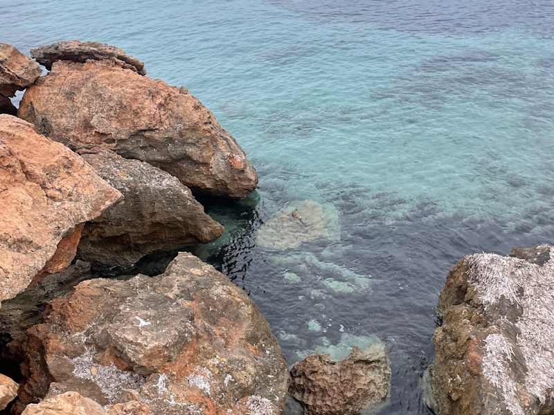 In der Bucht Cala Molto zieht es nicht so wie in der Bucht Cala Agulla und man kann auch schon Anfang April sehr gut im Flachen Wasser schwimmen da die Wassertemperatur da schon angenehm ist.
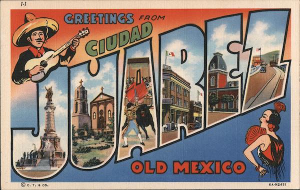 Front: J-1 CC. T. & Co. Famil GREETINGS FROM CIUDAD 301 BRAVO CHA OLD MEXICO 6A-H2451 Back: SANDOVAL NEWS SERVICE, EL PASO, TEXAS GENUINE CURTEICH-CHICAGO "C.T. ART-COLORTONE" POST CARD (REG. U.S. PAT. OFF.) PLACE
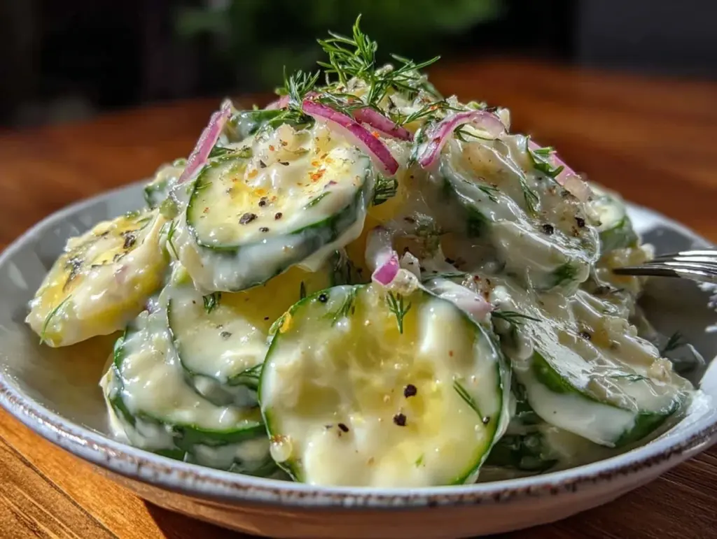 It was one of those unexpectedly warm spring evenings when I found myself rummaging through the fridge, craving something crisp and simple. Honestly, I wasn’t planning anything fancy—just a quick side to go with some grilled chicken. Then, my eyes landed on a couple of cucumbers and a small bunch of fresh dill sitting forgotten in the crisper drawer. I remembered a casual comment from a friend who swore by a creamy cucumber dill salad for beating the heat without the heaviness. Skeptical but curious, I threw together a few ingredients, not expecting much. But oh, that first bite—the cool crunch of cucumber wrapped in a tangy, creamy dressing with that unmistakable dill zing—it was like a summer breeze on a plate. Since that day, this salad has quietly become my go-to whenever I want something light but satisfying. It’s the kind of recipe that makes you pause, close your eyes, and just savor the freshness. No fuss, no frills, just a perfect balance of flavors that feels like a little reset for your taste buds.

= = =

Directions: Copy word for word every line from the start of the material through the line holding "Front: J-1 CC.". The pictures are not part of the copy.

Written reply:
 In der Bucht Cala Molto zieht es nicht so wie in der Bucht Cala Agulla und man kann auch schon Anfang April sehr gut im Flachen Wasser schwimmen da die Wassertemperatur da schon angenehm ist.
 Front: J-1 CC. T. & Co. Famil GREETINGS FROM CIUDAD 301 BRAVO CHA OLD MEXICO 6A-H2451 Back: SANDOVAL NEWS SERVICE, EL PASO, TEXAS GENUINE CURTEICH-CHICAGO "C.T. ART-COLORTONE" POST CARD (REG. U.S. PAT. OFF.) PLACE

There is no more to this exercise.